Fall is less than two weeks old, but in parts of the Great Lakes it almost felt like winter Thursday as snow fell and temperatures plunged as low as the teens and 20s.

Fall is less than two weeks old, but it almost felt like winter Thursday in parts of the Great Lakes region as snow fell and temperatures plunged as low as the teens and 20s. A bit more snow was expected early Friday, then a clearing before another cold front pushed into the Great Lakes region late in the afternoon.

IN WISCONSIN, the mercury fell to 13 Thursday in the north-central town of Phillips, and traces of snow fell as far south as Fond du Lac, some 60 miles northwest of Milwaukee.

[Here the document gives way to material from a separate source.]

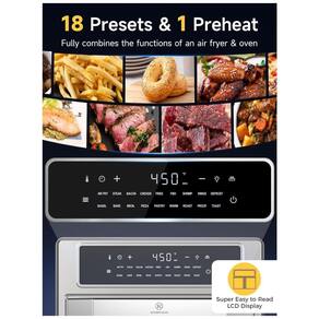 Versatilidade 18 em 1 e Cozinha Facilitada: Nossa Air Fryer oferece 18 modos de cozimento predefinidos, adaptados às suas necessidades diárias. A função de pré-aquecimento dedicada garante que seus pratos comecem a ser cozinhados no ponto certo, enquanto a luz interna do forno ajuda a monitorar o progresso das receitas. Inclui uma predefinição especial para Bagel, pensada para atender aos gostos dos consumidores americanos.

Michigan was hard-hit with an overnight low of 23 degrees and 4 inches of snow since Wednesday in the Upper Peninsula town of Ironwood. One traffic death in the state was blamed on the weather.

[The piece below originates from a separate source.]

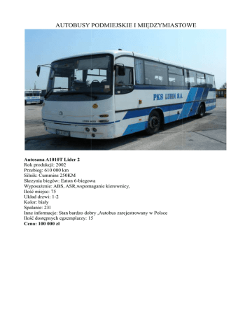 AUTOBUSY PODMIEJSKIE I MIĘDZYMIASTOWE MI DZYMIASTOWE Autosana A1010T Lider 2 Rok produkcji: 2002 Przebieg: 610 000 km Silnik: Cummins 250KM Skrzynia biegów: Eaton 6-biegowa biegowa Wyposażenie: enie: ABS, ASR,wspomaganie kierownicy, Ilość miejsc: 75 Układ drzwi: 1-2 Kolor: biały Spalanie: 23l Inne informacje: Stan bardzo dobry ,Autobus ,Autobu zarejestrowany w Polsce Ilość dostępnych pnych egzemplarzy: 15 Cena: 100 000 zł KAROSA Andere Axer LC 956 Rok produkcji: 2002 Przebieg: 780 000 km Silnik: Iveco Euro-3 Skrzynia biegów: manualna 5-biegowa biegowa Wyposażenie: enie: ABS, wspomaganie kierownicy, klimatyzacja Ilość miejsc: 51 Układ drzwi: 1-1 Kolor: biały Spalanie: 28l Inne informacje: Stan bardzo dobry bry ,Autobus zarejestrowany w Polsce Ilość dostępnych pnych egzemplarzy: 12 Cena: 90 000 zł Autosan 0909L TRAMP Rok produkcji: 2006 Przebieg: 400 000 km Silnik: Cummins 215KM Euro 3 Skrzynia biegów: manualna 5-biegowa biegowa Wyposażenie: enie: ABS, ASR, wspomaganie kierownicy, ogrzewanie postojowe Ilość miejsc siedzących/ogółem: cych/ogółem: 39/51 Układ drzwi: 1-0-1 Ilość stopni przy drzwiach: 3-3 Kolor: biały Spalanie: 18l Inne informacje: Stan bardzo dobry. Autobus zarejestrowany w Polsce. Miejsce postoju - Warszawa Ilość dostępnych egzemplarzy: 8 Cena: 160 000 zł Autosan H10-11 Rok produkcji: 1995 Przebieg: 700 000 km Wyposażenie: wspomaganie kierownicy, ogrzewanie postojowe Ilość miejsc siedzących/ogółem: cych/ogółem: 51/65 Układ drzwi: 1-0-1 Ilość stopni przy drzwiach: 3-3 Kolor: biało-niebieski Spalanie: 22l Inne informacje: Stan dobry. Autobus zarejestrowany w Polsce. Miejsce postoju - Warszawa Ilość dostępnych pnych egzemplarzy: 10 Cena: 25 000 zł Autosan H9-21 Rok produkcji: 1997 Przebieg: 800 000 km Wyposażenie: wspomaganie kierownicy, ogrzewanie postojowe Ilość miejsc siedzących/ogółem: cych/ogółem: 39/51 Układ drzwi: 1-0-1 Ilość stopni przy drzwiach: 3-3 Kolor: biało-niebieski Spalanie: 19l Inne informacje: Stan dobry. Autobus zarejestrowany w Polsce. Miejsce postoju - Warszawa Ilość dostępnych pnych egzemplarzy: 10 Cena: 10 000 zł Setra 315UL Rok produkcji: 1996-1999 Przebieg: 350 000 – 550 000 km Wyposażenie: ABS, ASR, wspomaganie kierownicy, ogrzewanie postojowe, wyświetlacz przedni Ilość miejsc siedzących/ogółem: 51/71 Układ drzwi: 1-0-2 Ilość stopni przy drzwiach: 3-3 Kolor: biały Spalanie: 27l Inne informacje: Stan bardzo dobry. Autobus zarejestrowany w Polsce. Miejsce postoju – Warszawa. Autobusy pochodzą z armii niemieckiej, bardzo mało używane, po wymianie tapicerki. Ilość dostępnych egzemplarzy: 5 sztuk z 1996 roku, 5 sztuk z 1997 roku, 7 sztuk z 1998 roku, 3 sztuki z 1999 roku. Cena: rocznik 1996 - 80 000 zł; 1997 – 85 000 zł; 1998 – 92 000 zł; 1999 – 98 000 zł Setra 215UL Rok produkcji: 1995 Przebieg: 350 000 – 450 000 km Wyposażenie: ABS, ASR, wspomaganie kierownicy, ogrzewanie postojowe, wyświetlacz przedni Ilość miejsc siedzących/ogółem: 51/80 Układ drzwi: 1-0-2 Ilość stopni przy drzwiach: 3-3 Kolor: biały Spalanie: 27l Inne informacje: Stan bardzo dobry. Autobus zarejestrowany w Polsce. Miejsce postoju – Warszawa. Autobusy pochodzą z armii niemieckiej, bardzo mało używane, po wymianie tapicerki. Ilość dostępnych egzemplarzy: 10 sztuk Cena: 65 000 zł Mercedes-Benz O550 Integro Rok produkcji: 1998-2001 Przebieg: 550 000 – 700 000 km Wyposażenie: ABS, ASR, wspomaganie kierownicy, ogrzewanie postojowe, wyświetlacz przedni Ilość miejsc siedzących/ogółem: 51/67 Układ drzwi: 1-0-2 lub 1-0-1 Ilość stopni przy drzwiach: 3-3 Kolor: biały Spalanie: 27l Inne informacje: Stan bardzo dobry. Autobus zarejestrowany w Polsce. Miejsce postoju – Warszawa. Autobusy pochodzą z Niemiec, bardzo mało używane, po wymianie tapicerki. Ilość dostępnych egzemplarzy: 4 sztuki z 1998 roku, 5 sztuk z 1999 roku, 3 sztuki z 2000 roku, 2 sztuki z 2001 roku. Cena: rocznik 1998 - 90 000 zł; 1999 – 97 000 zł; 2000 – 105 000 zł; 2001 – 115 000 zł Mercedes-Benz O350 Tourismo Rok produkcji: 1998 Przebieg: 700 000 km Wyposażenie: ABS, ASR, wspomaganie kierownicy, ogrzewanie postojowe, wyświetlacz przedni Ilość miejsc siedzących/ogółem: 51/51 Układ drzwi: 1-0-1 Ilość stopni przy drzwiach: 3-3 Kolor: biały Spalanie: 25l Inne informacje: Stan bardzo dobry. Autobus zarejestrowany w Polsce. Miejsce postoju – Warszawa. Ilość dostępnych egzemplarzy: 4 sztuki Cena: 130 000 zł Setra 315 GT-HD Rok produkcji: 1999 Przebieg: 693 000 km Wyposażenie: ABS, ASR, wspomaganie kierownicy, ogrzewanie postojowe, wyświetlacz przedni Ilość miejsc siedzących/ogółem: 51/51 Układ drzwi: 1-0-1 Ilość stopni przy drzwiach: 3-3 Kolor: biały Spalanie: 26l Inne informacje: Stan bardzo dobry. Autobus zarejestrowany w Polsce. Miejsce postoju – Warszawa. Ilość dostępnych egzemplarzy: 3 sztuki Cena: 155 000 zł Scania Irizar Century Rok produkcji: 2001 Przebieg: 751 300 km Wyposażenie: ABS, ASR, wspomaganie kierownicy, ogrzewanie postojowe, wyświetlacz przedni Ilość miejsc siedzących/ogółem: 51/51 Układ drzwi: 1-0-1 Ilość stopni przy drzwiach: 3-3 Kolor: biały Spalanie: 25l Inne informacje: Stan bardzo dobry. Autobus zarejestrowany w Polsce. Miejsce postoju – Warszawa. Ilość dostępnych egzemplarzy: 2 sztuki Cena: 190 000 zł

Arctic air from northern Canada caused the mercury to dip about 15 degrees below normal, said Stan Levine, a meteorologist with the National Weather Service in Buffalo, N.Y.

In Batavia, 30 miles south of Rochester, N.Y., the chill couldn’t have come at a worse time. None of the seven new boilers at the high school was ready to provide heat yet.

“The plan was to have heat next week,” Superintendent Richard Stutzman said. He added: “Today was supposed to be Formal Thursday, but Student Council made it Snowsuit Thursday.”

It also snowed Thursday in Lake Placid, N.Y. Veterans Memorial Highway, which leads to Whiteface Mountain, was closed temporarily for a second day because of 2 inches of snow.

“At the going rate, I wouldn’t be surprised if in a few weeks we have someone skiing the highway,” said Sandy Caligiore, a spokesman for the agency that runs the mountain.

In Ohio, three-tenths of an inch of snow fell Thursday at Cleveland Hopkins International Airport, which ties the record for the date set in 1974. Farther south near Akron, roads iced over as temperatures reached 30 degrees, breaking the record of 31 degrees for the date set in 1975.

Western Pennsylvania also got sleet and slow in higher elevations. It was expected to taper off but temperatures were forecast to dip below freezing overnight, according to the weather service.

“It’s going to kill off all the more sensitive vegetation in western Pennsylvania,” said meteorologist Brad Rehak. “It’s the end of the growing season.”